We've probably 250,000 recently unemployed.  Tens of thousands of these are competent workers.  

We've already seen significant drops in wages and cost of living.  

We'll have a tonne of state owned commercial property that can be used strategiaclly in attracting jobs.

The euro has started to ease against the dollar and sterling.

There are a lot of positives to work with here.  I wish Mary Coughlan would come out and both say and do something about it.


----------



## Staples (11 Feb 2010)

papervalue said:


> Maybe create a foreign minister for emplyment to travel world for most of the year with aim of bringing big companies to Ireland. Tap up as many of the high quality ones as possible


 

Mary Coughlan (and other Ministers) already go regularly on international trade missions and other events (including the St Patrick's day trips) where the return to Ireland is extremely positive.

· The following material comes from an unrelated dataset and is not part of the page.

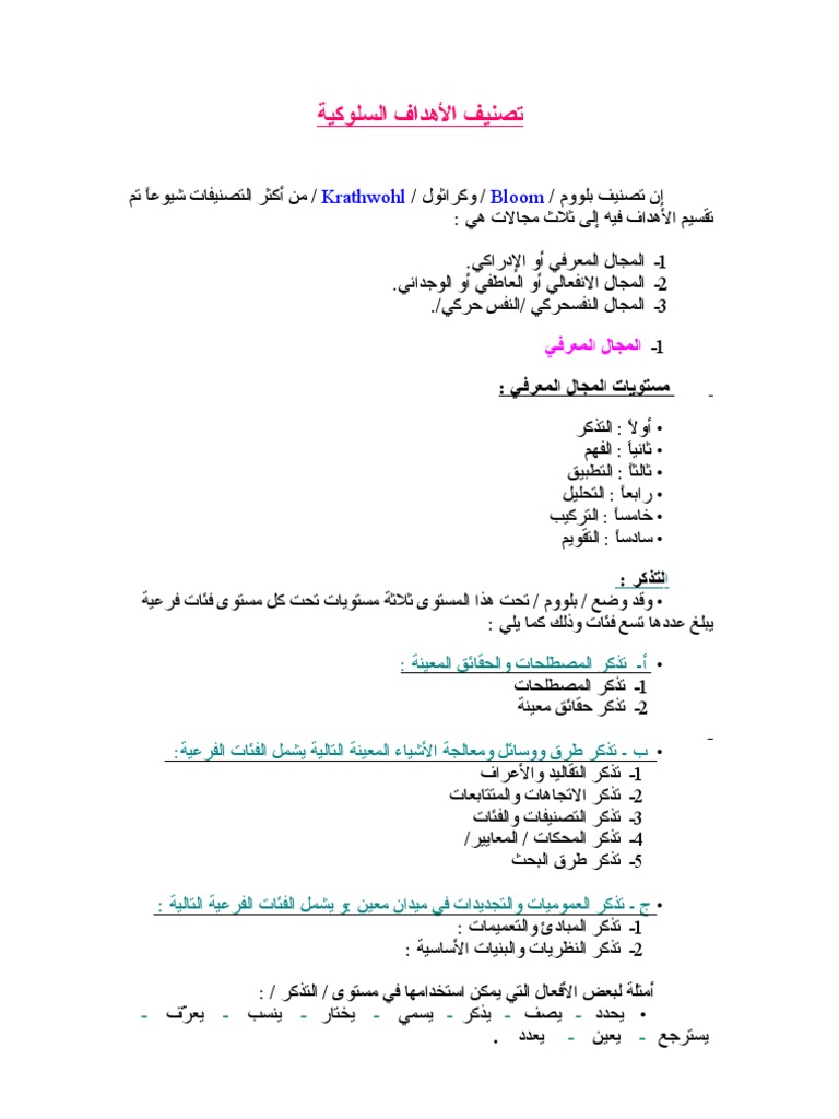 الأهداف التعليمية المجال المعرفي The Cognitive Domain

But the usual media commentary around these events centrs on their cost rather than their value e.g how much her hotel room cost, whether she got her hair done, etc. It should be little wonder if she decided to restrict her exposure and this, ultimately, would be to the detriment of us all.


----------



## dontaskme (11 Feb 2010)

Purple said:


> yep, on Mary Harneys watch.


 
Mary Harney's husband was chairman of FÁS for a while, one of the board members of Anglo was previously on the board of FÁS and the whole shebang was founded by Bertie Ahern under the Labour Services Act 1987.

The usual suspects, in other words.


----------



## z104 (11 Feb 2010)

Lets just reflect on the amount of jobs she's helped to create and retain!

Tumbleweeds roll accross the street

Owl hoots


----------



## mathepac (11 Feb 2010)

Staples said:


> Mary Coughlan (and other Ministers) already go regularly on international trade missions and other events (including the St Patrick's day trips) where the return to Ireland is extremely positive...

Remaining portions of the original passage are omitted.